So, you and your spouse have decided that it’s time to end your marriage. However, you still get along reasonably well: you can hold civil discussions and have no major disagreements about how you want to handle your divorce. You may even still be friends. You’re familiar with the kind of divorce that appears on TV, and you don’t want to go through that dramatic, angry process. What can you do?

You might be surprised to learn that despite what you see in the media, people in your situation make up the majority of divorces. Most couples who split do so reasonably amicably, and as many as 95% of all divorces are uncontested or otherwise settled out of court.

If you and your spouse want to keep things friendly, you still have options. You can use different approaches to manage your amicable divorce, including collaborative and cooperative methods. Here’s how these methods of ending your marriage work, who may benefit from them, and how to choose the best solution for resolving your split outside the courtroom.

What Is Collaborative Divorce?

Collaborative divorce is a specific method of resolving disputes and developing a divorce settlement without the need for outside mediators or judges. When participating in a collaborative divorce, spouses and their attorneys work together in a structured environment to negotiate how the settlement will be structured. 

Initially, each spouse will have a one-on-one meeting with their attorney to discuss their preferred outcome and the compromises they will and will not make. This ensures they are both on the same page about the goals for the collaborative process. 

Next, the spouses and their lawyers will meet and sign a Participation Agreement in which they all agree to:

  • Participate in negotiations in good faith
  • Openly exchange information 
  • Waive the right to full discovery
  • Maintain the status quo regarding assets and children until the process is complete

In addition, the attorneys will usually be bound to withdraw from representing their clients if the process fails to achieve a settlement and they instead pursue litigation. 

After the agreement is signed, all parties will meet regularly to negotiate aspects of the settlement. During these meetings, they will make offers and counter-offers about asset division, child custody, and spousal support. Each session will typically be dedicated to a specific issue, and complex matters may require multiple meetings to resolve. Between meetings, spouses will communicate with their attorneys to strategize and prepare for potential compromises. 

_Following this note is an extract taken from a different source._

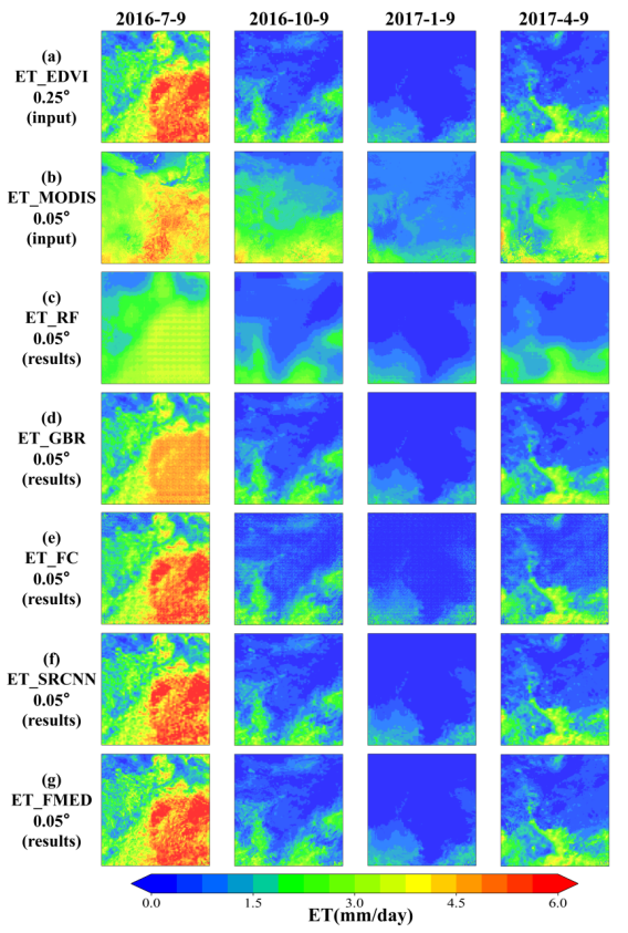 (a) 0.25° ET_EDVI;(b) 0.05° ET_MODIS;(c) 0.05° ET_RF;(d) 0.05° ET_GBR;(e) 0.05° ET_FC;(f) 0.05° ET_SRCNN;(g) 0.05° ET_FMED。其中,(a)和(b)为降尺度模型输入数据,(c)–(g)为不同降尺度方法生成的ET结果

The goal is to achieve a comprehensive settlement agreement that is satisfying to all parties without the need for litigation. Once a settlement is drafted, both spouses can sign it and submit it to the court, where it will be used as the foundation for their divorce decree. 

Benefits and Drawbacks of Collaborative Divorce

Formally collaborating with your spouse on your settlement has many benefits. The formal structure gives you a clear idea of what to expect each time you meet with your spouse. It also incentives keeping the matter out of court by requiring you to start almost from scratch if you cannot agree. 

This is also its primary drawback. If your spouse does not approach negotiations in good faith, you may waste time and effort you dedicate to collaboration and need to pursue litigation regardless. 

What Is Cooperative Divorce?

The alternative to collaborative divorce is a cooperative divorce. The goal is the same: to achieve a divorce settlement by negotiating directly with your spouse with the assistance of your attorneys. However, cooperative divorces are not bound by the same structure as collaborative ones. 

Instead of signing a Participation Agreement, couples and their attorneys will simply agree to work together. There is no contract requiring the lawyers to withdraw from representing their clients if the process involves litigation. This informal structure allows couples to work together to resolve their disputes and negotiate their settlement without the obligation to find new representation if they cannot reach an agreement. 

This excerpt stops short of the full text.